**Provided material:**
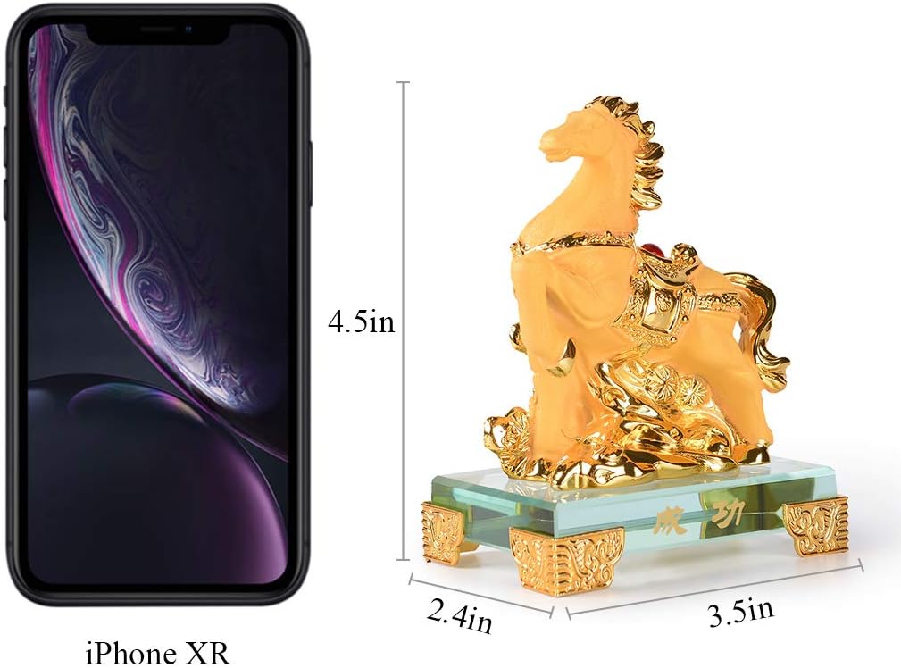 1 review for BRASSTAR Golden Resin Feng Shui Frosted Horse with Glass Base Success Statue Chinese Zodiac Home Office Table Decor Figurine Gift Collection PTZY106
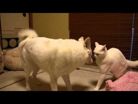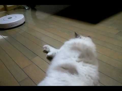【気の強い白猫・ルンバを蹴る猫】
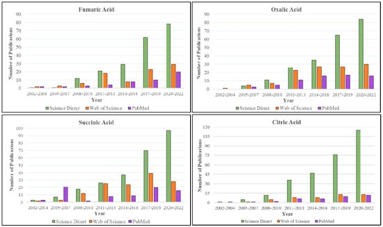 In the last two decades, the demand for coformers has upscaled, as depicted in Figure 11. Urea, nicotinamide, benzoic acid, etc., are in high demand compared to other coformers. The utility of carboxylic acid-based coformers such as succinic acid, citric acid, fumaric acid, and oxalic acid has also increased marginally. The carboxylic acid-based coformers are discussed in detail in the upcoming section of the review article.
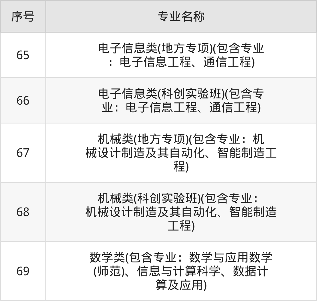 物理类(理科)本科招生专业:法学、英语、日语、化学、护理学、建筑学、自动化、物理学、车辆工程、人工智能等。
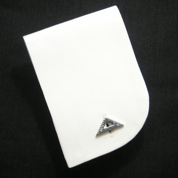 片方がセンチ、もう一方がインチで目盛のついた三角定規のカフス。
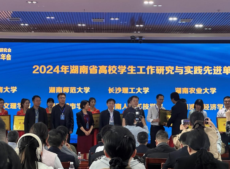 其中,学校获评“2024年湖南省高校学生工作研究与实践先进单位”,管理学院刘洁莹、人文学院范艳清获评“2024年湖南省高校辅导员工作研究与实践先进个人”,人文学院文玉婷、信息与电子工程学院万理获评“2024年湖南省高校学生思想政治教育研究与实践先进个人”,马克思主义学院冷红的论文《高校辅导员工作室有效管理对策研究》获评“2024年湖南省高校辅导员优秀论文”二等奖,信息与电子工程学院段欢、杜雪的育人案例《关注学生来时路,启智润心助成长——一例学生危机应对的成长辅导案例报告》获评“2024年湖南省高校学生工作优秀育人案例”二等奖。
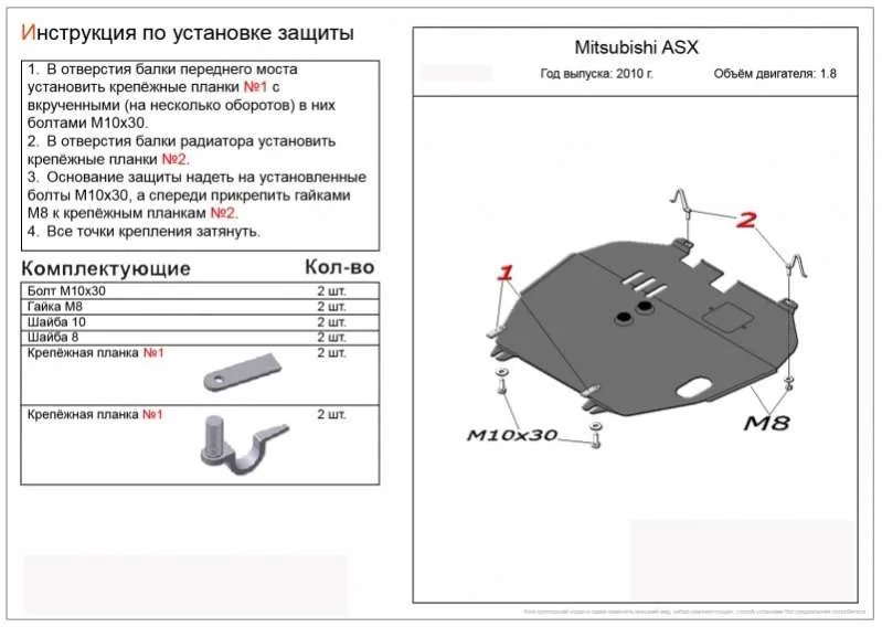 Металлическая защита двигателя и кпп Mitsubishi ASX 2010-2022. Оригинальный номер ALF1402

**Work instruction:** Reproduce, with the pictures omitted, exactly those lines that run from the line with "In the last" to the last line of the material, both ends included.

**Answer to this task:**
 In the last two decades, the demand for coformers has upscaled, as depicted in Figure 11. Urea, nicotinamide, benzoic acid, etc., are in high demand compared to other coformers. The utility of carboxylic acid-based coformers such as succinic acid, citric acid, fumaric acid, and oxalic acid has also increased marginally. The carboxylic acid-based coformers are discussed in detail in the upcoming section of the review article.
 物理类(理科)本科招生专业:法学、英语、日语、化学、护理学、建筑学、自动化、物理学、车辆工程、人工智能等。
 片方がセンチ、もう一方がインチで目盛のついた三角定規のカフス。
 其中,学校获评“2024年湖南省高校学生工作研究与实践先进单位”,管理学院刘洁莹、人文学院范艳清获评“2024年湖南省高校辅导员工作研究与实践先进个人”,人文学院文玉婷、信息与电子工程学院万理获评“2024年湖南省高校学生思想政治教育研究与实践先进个人”,马克思主义学院冷红的论文《高校辅导员工作室有效管理对策研究》获评“2024年湖南省高校辅导员优秀论文”二等奖,信息与电子工程学院段欢、杜雪的育人案例《关注学生来时路,启智润心助成长——一例学生危机应对的成长辅导案例报告》获评“2024年湖南省高校学生工作优秀育人案例”二等奖。
 Металлическая защита двигателя и кпп Mitsubishi ASX 2010-2022. Оригинальный номер ALF1402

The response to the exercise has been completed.